What is needed is a faithful transcription of all the data below, pictures excluded.

- Opening Delimiter -

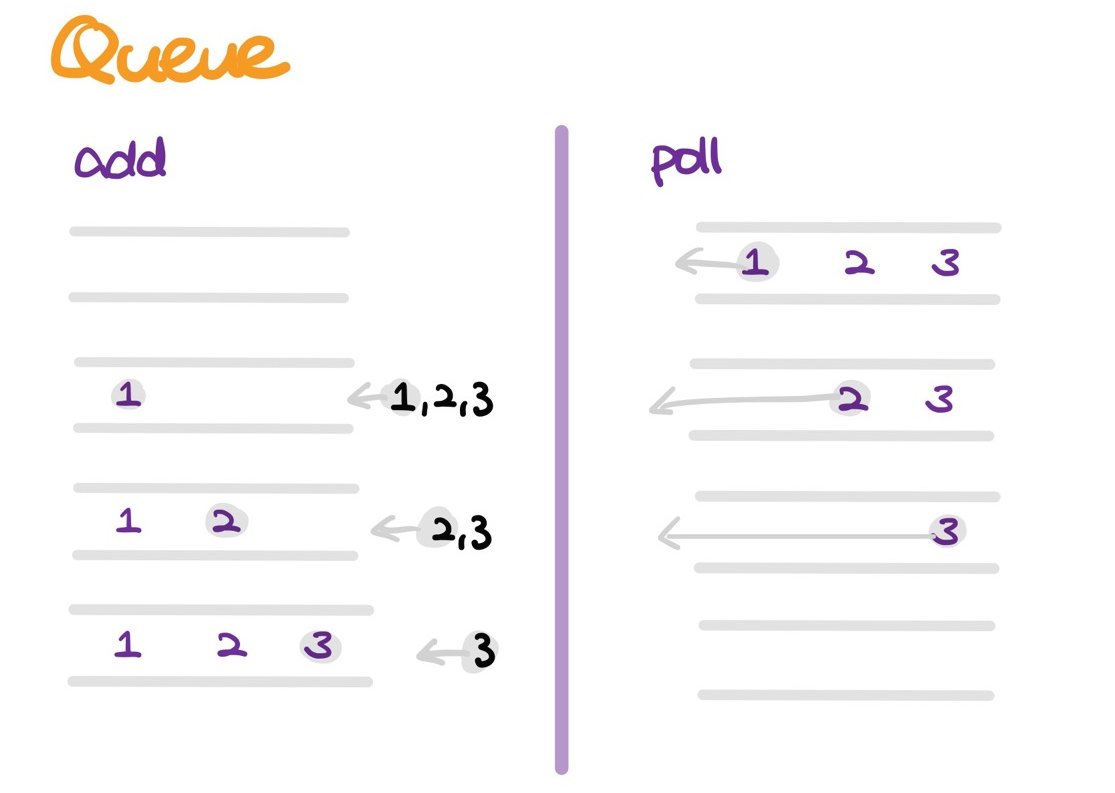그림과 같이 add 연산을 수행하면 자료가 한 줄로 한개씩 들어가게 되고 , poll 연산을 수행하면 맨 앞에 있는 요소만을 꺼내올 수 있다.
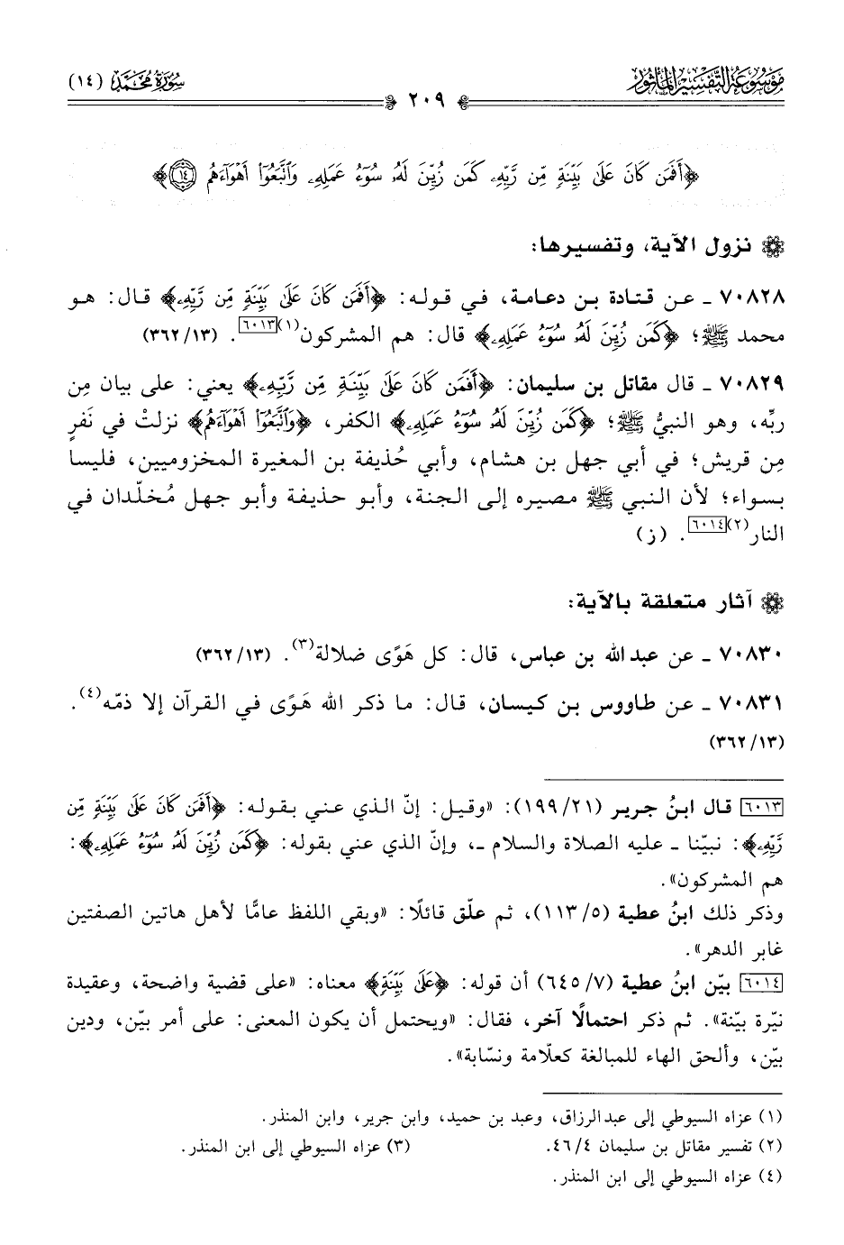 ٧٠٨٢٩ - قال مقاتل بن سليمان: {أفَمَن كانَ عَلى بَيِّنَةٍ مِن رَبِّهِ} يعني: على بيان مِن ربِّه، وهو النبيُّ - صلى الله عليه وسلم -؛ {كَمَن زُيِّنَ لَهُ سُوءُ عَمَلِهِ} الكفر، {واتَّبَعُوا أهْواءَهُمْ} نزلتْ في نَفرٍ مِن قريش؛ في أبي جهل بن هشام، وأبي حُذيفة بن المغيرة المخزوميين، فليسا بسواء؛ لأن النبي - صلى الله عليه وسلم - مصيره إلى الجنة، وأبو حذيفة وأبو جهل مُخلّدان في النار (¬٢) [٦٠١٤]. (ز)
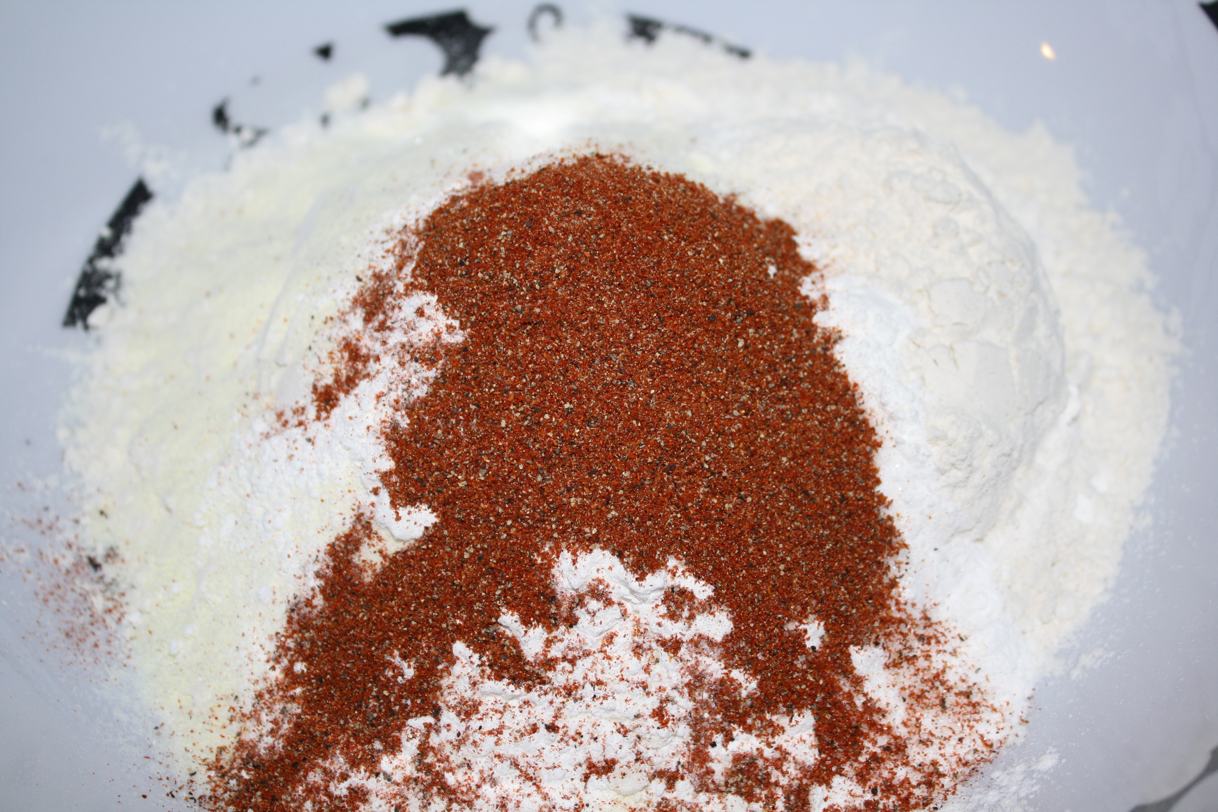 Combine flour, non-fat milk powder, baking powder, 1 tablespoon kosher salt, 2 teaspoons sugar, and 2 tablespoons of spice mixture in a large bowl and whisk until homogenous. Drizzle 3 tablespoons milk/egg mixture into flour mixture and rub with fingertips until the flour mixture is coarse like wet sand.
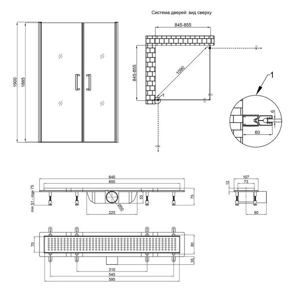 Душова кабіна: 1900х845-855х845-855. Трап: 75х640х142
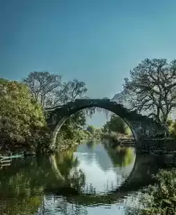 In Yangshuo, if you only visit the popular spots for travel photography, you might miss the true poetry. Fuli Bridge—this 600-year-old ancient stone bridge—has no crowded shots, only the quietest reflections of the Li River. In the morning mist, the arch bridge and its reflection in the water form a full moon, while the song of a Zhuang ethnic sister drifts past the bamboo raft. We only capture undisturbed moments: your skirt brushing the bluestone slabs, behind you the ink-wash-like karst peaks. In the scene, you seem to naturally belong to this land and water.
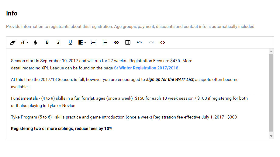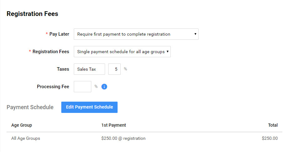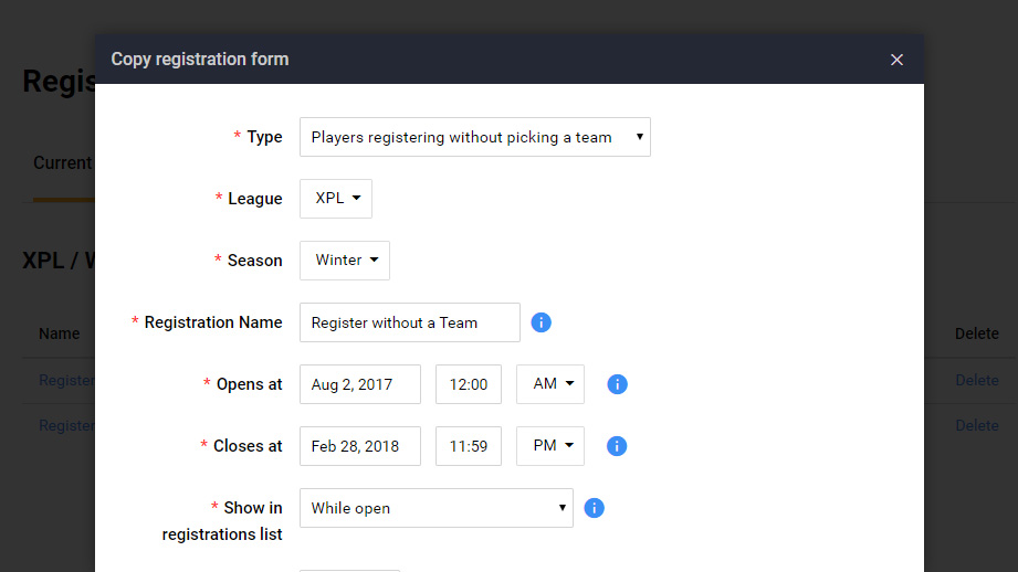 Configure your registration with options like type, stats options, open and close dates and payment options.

- Closing Delimiter -

Output below:
그림과 같이 add 연산을 수행하면 자료가 한 줄로 한개씩 들어가게 되고 , poll 연산을 수행하면 맨 앞에 있는 요소만을 꺼내올 수 있다.
 ٧٠٨٢٩ - قال مقاتل بن سليمان: {أفَمَن كانَ عَلى بَيِّنَةٍ مِن رَبِّهِ} يعني: على بيان مِن ربِّه، وهو النبيُّ - صلى الله عليه وسلم -؛ {كَمَن زُيِّنَ لَهُ سُوءُ عَمَلِهِ} الكفر، {واتَّبَعُوا أهْواءَهُمْ} نزلتْ في نَفرٍ مِن قريش؛ في أبي جهل بن هشام، وأبي حُذيفة بن المغيرة المخزوميين، فليسا بسواء؛ لأن النبي - صلى الله عليه وسلم - مصيره إلى الجنة، وأبو حذيفة وأبو جهل مُخلّدان في النار (¬٢) [٦٠١٤]. (ز)
 Combine flour, non-fat milk powder, baking powder, 1 tablespoon kosher salt, 2 teaspoons sugar, and 2 tablespoons of spice mixture in a large bowl and whisk until homogenous. Drizzle 3 tablespoons milk/egg mixture into flour mixture and rub with fingertips until the flour mixture is coarse like wet sand.
 Душова кабіна: 1900х845-855х845-855. Трап: 75х640х142
 In Yangshuo, if you only visit the popular spots for travel photography, you might miss the true poetry. Fuli Bridge—this 600-year-old ancient stone bridge—has no crowded shots, only the quietest reflections of the Li River. In the morning mist, the arch bridge and its reflection in the water form a full moon, while the song of a Zhuang ethnic sister drifts past the bamboo raft. We only capture undisturbed moments: your skirt brushing the bluestone slabs, behind you the ink-wash-like karst peaks. In the scene, you seem to naturally belong to this land and water.
 Configure your registration with options like type, stats options, open and close dates and payment options.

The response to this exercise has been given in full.